Human in vitro fertilization (IVF) has attained full potential and become widespread following the introduction of reliable ovarian stimulation protocols and methods for the storage and later use of surplus embryos. This has been made possible by the fact that human embryos can be cryopreserved with only limited loss in terms of post-thaw viability and reproductive potential. Embryo cryopreservation is not, however, immune to disadvantages of an ethical and legal nature. The cryopreservation of fully grown oocytes could represent a more widely acceptable option, but until recently it has been applied only sporadically. Efforts carried out in the late 1980s represented a valid proof of principle, but were unable to generate success rates that could justify the adoption of oocyte freezing as a routine procedure. Studies conducted in the last few years based on the use of novel cryopreservation protocols indicate that many of the problems that have originally affected the overall effi ciency of oocyte freezing have been solved. This has encouraged the adoption of such a strategy of fertility preservation. As a consequence, over a thousand babies from cryopreserved oocytes have been born so far. Apart from offering a possible alternative to embryo storage, oocyte cryopreservation also has the potential to provide a solution to the effects of changes in social attitudes, such as the increased expectations of women to achieve a full professional career. Those anticipations can involve a delay in the establishment of a family. In a number of cases, though, these women experience reproductive failure, a sort of "biological punishment" for having delayed their chances of conception to later in life. Therefore, storing oocytes can be a tangible possibility for extending the female reproductive life. Chemo- and radiotherapies can also compromise transiently or permanently the reproductively potential. Oocyte preservation can also be critical for young women who are destined to premature ovarian failure as an effect of genetic factors. More generally, gamete storage can be an answer for those women who, for diverse reasons, wish to preserve their reproductive potential for later use.

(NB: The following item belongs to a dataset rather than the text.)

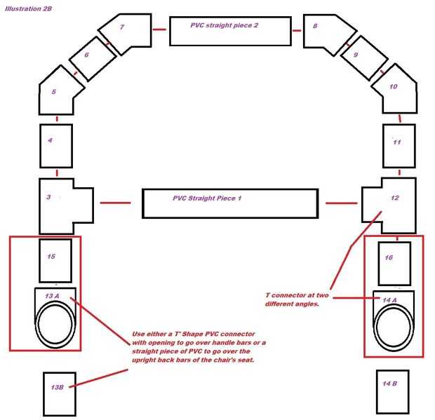 Ilustración 2B establece cómo se montará los conectores y tubos de PVC. Antes de cortar las piezas, usted deberá determinar las medidas exactas para cada una de las piezas rectas de tubería de PVC. Como cada modelo de silla de ruedas tiene sus propias especificaciones, deberás medir cuidadosamente el respaldo de la silla de ruedas. La longitud del respaldo va a determinar cuánto tiempo el tubo recto de PVC numerados 1 y 2. Una vez conectado, las partes 13 y 14 A o B tendrá que se alinean perfectamente con las barras verticales del respaldo o el manillar de sillas. Por esta razón, es una buena idea para medir varias veces para asegurar un ajuste exacto.

Despite this, probably the majority of IVF specialists have not yet had the opportunity to fully appreciate the clinical potential and current effi cacy of oocyte cryopreservation. Therefore, this text has been conceived with the aim of offering a comprehensive view of the state of the art in oocyte cryopreservation, especially following recent studies that have shown how oocyte cryopreservation is beginning to challenge the supremacy of embryo cryopreservation as the preferred form of fertility preservation in IVF treatment. The book includes chapters on fundamental concepts of low-temperature storage (controlled rate slow cooling and vitrifi cation), aspects of oocyte physiology relevant to the process of cryopreservation, essential biological and clinical evidence, and ethical implications of oocyte cryopreservation. The authors of the chapters are eminent authorities in their respective areas of interest, some of whom have collaborated with the editors over the last several years.